What is Biden's 2025 tax plan? ›

On a gross basis, we estimate Biden's FY 2025 budget would increase taxes by about $4.4 trillion over that period. After taking various credits into account, the increase would be about $3.4 trillion.

Why would bidens' almost 100% capital gains tax increase crush the stock market? ›

The fear is that selling begets more selling, and if investors that are long-term holders of individual stocks get nervous that double the taxation is imminent, you could see many investors head for the exits in a significant way, especially if Congress, the Senate and the White House are a sea of blue.

What qualifies for long-term capital gains? ›

Generally, if you hold the asset for more than one year before you dispose of it, your capital gain or loss is long-term. If you hold it one year or less, your capital gain or loss is short-term.

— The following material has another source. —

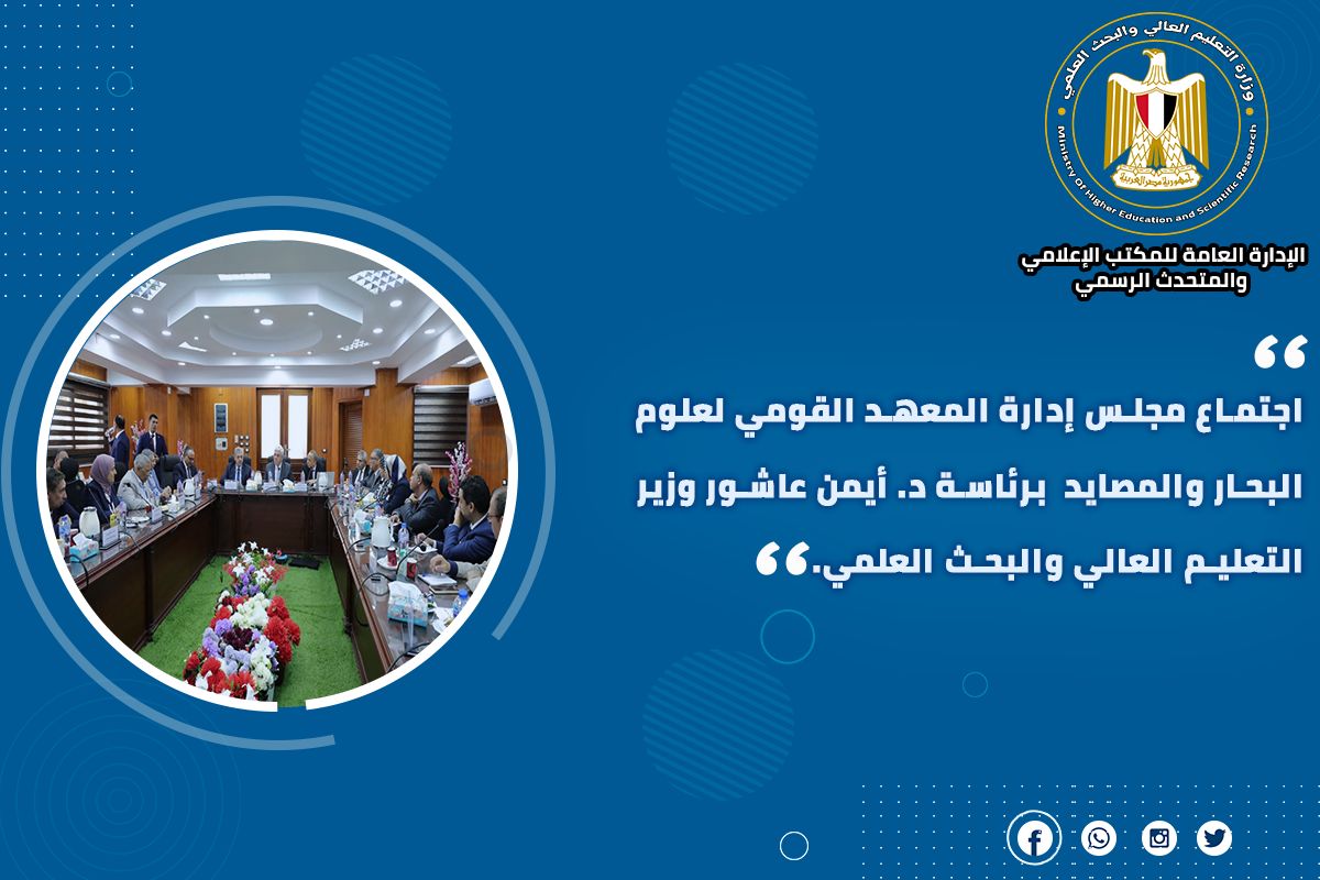 7) عقد مجلس إدارة المعهد القومي لعلوم البحار والمصايد اجتماعًا برئاسة الدكتور أيمن عاشور وزير التعليم العالي والبحث العلمي، وتناول الاجتماع عرض أنشطة المعهد خلال الفترة الماضية، واستعرض المجلس أوجه التعاون على المستوى المحلي، ومنها توقيع بروتوكول تعاون مع مدينة الأبحاث العلمية والتطبيقات التكنولوجية بمدينة برج العرب.

What are the capital gains tax brackets for 2026? ›

Under the TCJA, the tax rates are 10%, 12%, 22%, 24%, 32%, 35%, and 37%. On January 1, 2026, the rates return to their pre-TCJA amounts of 10%, 15%, 25%, 28%, 33%, 35%, and 39.6%.

How to avoid paying capital gains tax on inherited property? ›

Here are five ways to avoid paying capital gains tax on inherited property.
  1. Sell the inherited property quickly. ...
  2. Make the inherited property your primary residence. ...
  3. Rent the inherited property. ...
  4. Disclaim the inherited property. ...
  5. Deduct selling expenses from capital gains.

How do I avoid capital gains on sale of primary residence? ›

You can avoid capital gains tax when you sell your primary residence by buying another house and using the 121 home sale exclusion. In addition, the 1031 like-kind exchange allows investors to defer taxes when they reinvest the proceeds from the sale of an investment property into another investment property.